▶ [THE TASK]: Write out the entries verbatim and leave the images out of the copy.

━━━ INPUT

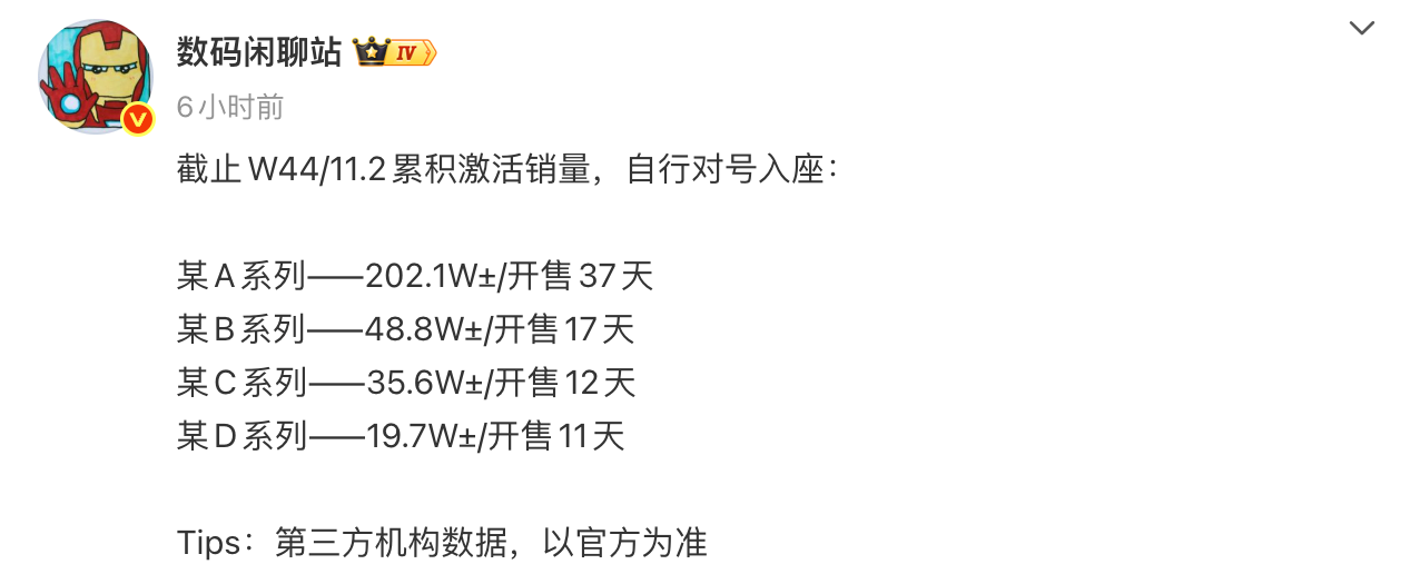 截至 11 月 2 日的数据显示,17、17 Pro 和 17 Pro Max 加一块,累计激活销量已经超过 200W 台。
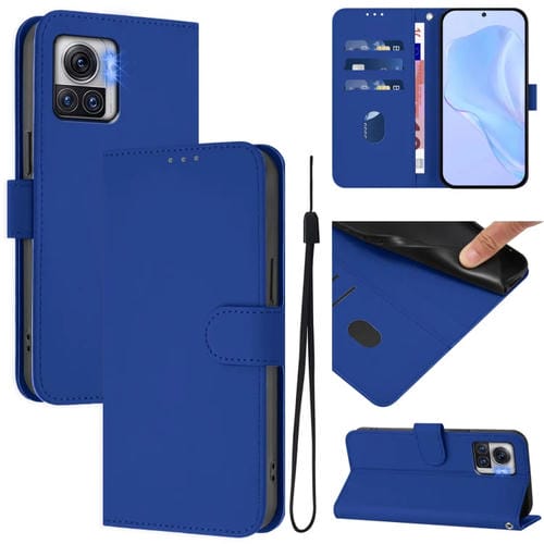 Funda de Piel Sintética con Cordón para Motorola Moto X30 Pro 5G (Azul Oscuro)
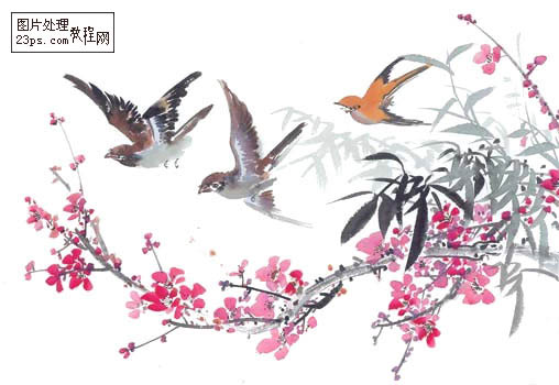 11、打开一张素材图,拖进来,把图层混合模式改为“正片叠底”,并把多余的部分删除,再加点背景效果收工。
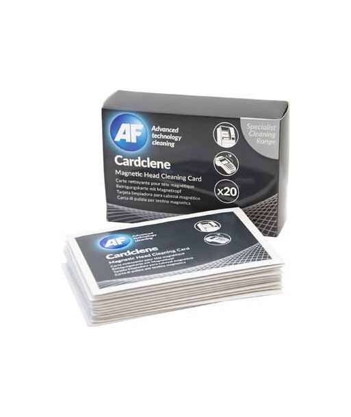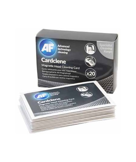 A manuntenção dos leitores de cartões magnéticos nunca foi tão fácil. ¶AF Cardclene é um pack de 20 cartões impregnados com uma solução IPA (Isopropanol) para limpeza de terminais de chip e pin com o objetivo de melhorar a sustentabilidade do equipamento.¶Remove facilmente a poeira e gordura acumulada diariamente.   ¶¶PONTOS CHAVE:¶Fácil de usar¶Manutenção conveniente¶Pode ser usada em entradas de cartões e leitores de banda magnética ¶Ajuda a reduzir a probabilidade de avaria ¶Saqueta embalada ¶¶ADEQUADO PARA:¶Terminais de chip e pins¶Portas com leitores magnéticos de deslize¶Parquímetros, Multibancos ATM
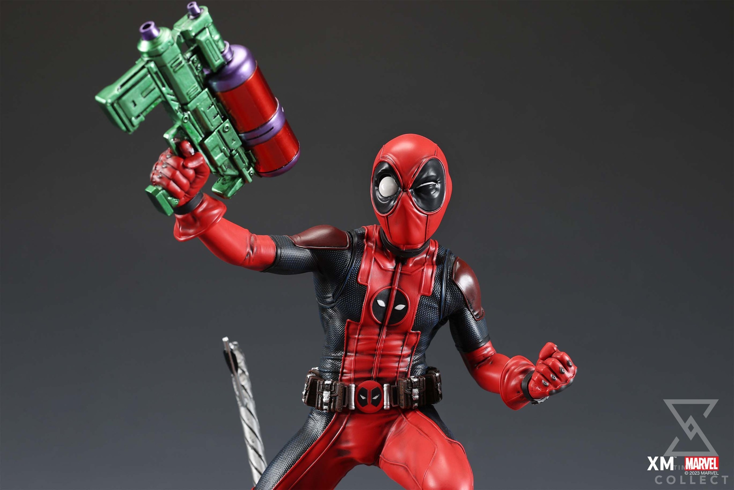 Kidpool possesses phenomenal hand-to-hand combat and weaponry skills and shares the same powers as Deadpool. He attended the Xavier Orphanage for Troubled Boys and was getting into trouble when Deadpool appeared out of a dimensional doorway and recruited him into the Deadpool Corps to help save the Multiverse. Designed to be a companion piece to XM’s Deadpool and Lady Deadpool, it features a similar merry-go-round amusement ride thematic base with a destroyed seat. Kidpool brandishes his water gun as Dogpool charges forth from the wrecked carriage seat with a dagger, ready to take down their adversaries. It captures the playful, goofy spirit that is also present in XM’s Deadpool and Lady Deadpool statues, with Kidpool waving the water gun as his weapon of choice. This piece comes with an additional left and right arm to position Kidpool holding the water gun, and an additional head sculpt portraying him taking aim. A must-have for any Deadpool Corps fans to complete the collection!
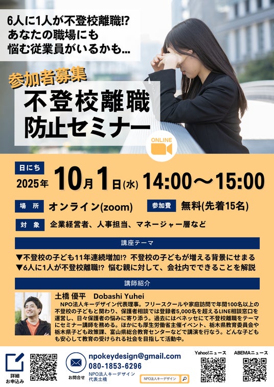 NPO法人キーデザイン(栃木県宇都宮市、代表理事:土橋優平)は、企業の経営者・人事担当者・管理職向けに「不登校離職防止」をテーマとしたオンライン無料セミナーを、2025年10月1日に開催いたします。
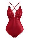 Rot 1960er Tief-V Glitzer 3D Blumen Badeanzug
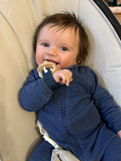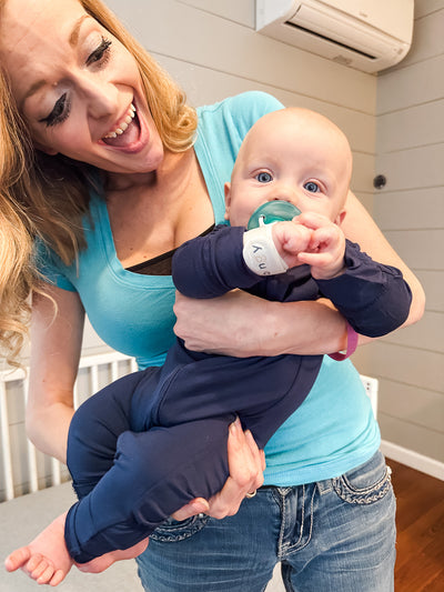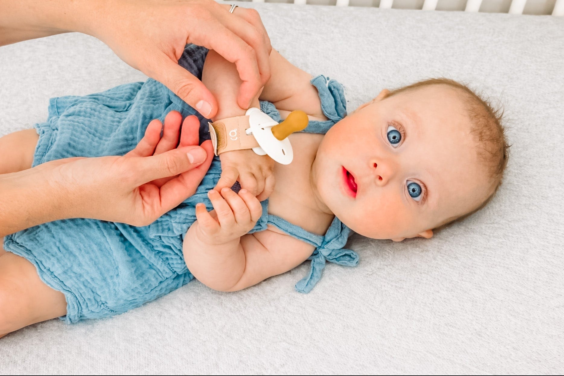 "Talk about a game changer! My baby doesn’t yet have the dexterity to hold a paci by himself, but he can easily raise his hand to his mouth. Since using this band, my baby can just lift his wrist to his mouth and BAM, he soothes himself!"

━━━━━━

▶ [REPLY]:
 截至 11 月 2 日的数据显示,17、17 Pro 和 17 Pro Max 加一块,累计激活销量已经超过 200W 台。
 Funda de Piel Sintética con Cordón para Motorola Moto X30 Pro 5G (Azul Oscuro)
 11、打开一张素材图,拖进来,把图层混合模式改为“正片叠底”,并把多余的部分删除,再加点背景效果收工。
 A manuntenção dos leitores de cartões magnéticos nunca foi tão fácil. ¶AF Cardclene é um pack de 20 cartões impregnados com uma solução IPA (Isopropanol) para limpeza de terminais de chip e pin com o objetivo de melhorar a sustentabilidade do equipamento.¶Remove facilmente a poeira e gordura acumulada diariamente.   ¶¶PONTOS CHAVE:¶Fácil de usar¶Manutenção conveniente¶Pode ser usada em entradas de cartões e leitores de banda magnética ¶Ajuda a reduzir a probabilidade de avaria ¶Saqueta embalada ¶¶ADEQUADO PARA:¶Terminais de chip e pins¶Portas com leitores magnéticos de deslize¶Parquímetros, Multibancos ATM
 Kidpool possesses phenomenal hand-to-hand combat and weaponry skills and shares the same powers as Deadpool. He attended the Xavier Orphanage for Troubled Boys and was getting into trouble when Deadpool appeared out of a dimensional doorway and recruited him into the Deadpool Corps to help save the Multiverse. Designed to be a companion piece to XM’s Deadpool and Lady Deadpool, it features a similar merry-go-round amusement ride thematic base with a destroyed seat. Kidpool brandishes his water gun as Dogpool charges forth from the wrecked carriage seat with a dagger, ready to take down their adversaries. It captures the playful, goofy spirit that is also present in XM’s Deadpool and Lady Deadpool statues, with Kidpool waving the water gun as his weapon of choice. This piece comes with an additional left and right arm to position Kidpool holding the water gun, and an additional head sculpt portraying him taking aim. A must-have for any Deadpool Corps fans to complete the collection!
 NPO法人キーデザイン(栃木県宇都宮市、代表理事:土橋優平)は、企業の経営者・人事担当者・管理職向けに「不登校離職防止」をテーマとしたオンライン無料セミナーを、2025年10月1日に開催いたします。
 Rot 1960er Tief-V Glitzer 3D Blumen Badeanzug
 "Talk about a game changer! My baby doesn’t yet have the dexterity to hold a paci by himself, but he can easily raise his hand to his mouth. Since using this band, my baby can just lift his wrist to his mouth and BAM, he soothes himself!"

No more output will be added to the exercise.